Background And Aim: Patients diagnosed with cancer, particularly those with hematologic malignancies, frequently exhibit a state of immunosuppression. Currently, there remains a scarcity of dependable biomarkers for assessing the severity of COVID-19 in individuals with hematologic malignancies. We conducted a retrospective study of morbidity and mortality in patients with hematological malignancies (HM) who had contracted COVID-19. The aim was to offer a reference for clinical diagnosis and treatment.

Methods: A total of 71 patients with HM-confirmed COVID-19 were enrolled from December 2022 to May 2023. Clinical symptoms, laboratory findings, and treatment approaches were collected and documented. Patients were classified into survival and death groups based on their COVID-19 outcomes, and statistical analysis was performed on the clinical data from both groups.

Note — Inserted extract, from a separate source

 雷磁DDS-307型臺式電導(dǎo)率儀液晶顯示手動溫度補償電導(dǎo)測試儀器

Results: Among the 71 patients, 57 (80.3%) were alive, and 14 (19.7%) had died. The mean age of patients in the death group was significantly higher than that of the survival group (51.29 ± 20.76 . 49.47 ± 13.04, P=0.030). The proportion of patients receiving mechanical ventilation was significantly higher in the death group (P<0.001). The mortality rate was significantly higher in the critically severe group compared to the mild, moderate, and severe groups (P<0.001). Correlation analysis revealed that certain laboratory indicators lactic acid dehydrogenase (LDH), albumin (ALB), creatine kinase (CK), troponin T (TnT), N-terminal pro-brain natriuretic peptide (NT-proBNP) and fibrin degradation product (FDP), which exhibited significant differences between groups, were significantly correlated with COVID-19-related mortality (all P<0.05). The Cox proportional hazards model indicated that LDH was an independent risk factor associated with the prognosis of HM-confirmed COVID-19.

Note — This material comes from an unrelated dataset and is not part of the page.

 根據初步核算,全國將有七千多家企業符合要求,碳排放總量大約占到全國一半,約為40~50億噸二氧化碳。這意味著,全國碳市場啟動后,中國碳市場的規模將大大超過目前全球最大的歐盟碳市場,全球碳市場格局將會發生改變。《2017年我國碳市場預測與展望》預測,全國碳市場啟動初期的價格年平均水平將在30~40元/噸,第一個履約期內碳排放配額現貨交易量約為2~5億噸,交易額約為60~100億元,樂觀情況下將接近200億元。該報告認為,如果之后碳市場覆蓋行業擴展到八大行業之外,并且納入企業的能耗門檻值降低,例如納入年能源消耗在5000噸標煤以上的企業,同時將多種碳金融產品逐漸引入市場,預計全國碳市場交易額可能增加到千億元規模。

Conclusion: Patients with hematologic malignancies suffer severe morbidity and mortality due to COVID-19 infection. LDH may serve as a risk factor associated with prognosis in the treatment of COVID-19. Monitoring variations in LDH levels can assist healthcare providers in evaluating disease progression, adjusting treatment plans in a timely manner, and predicting patient outcomes.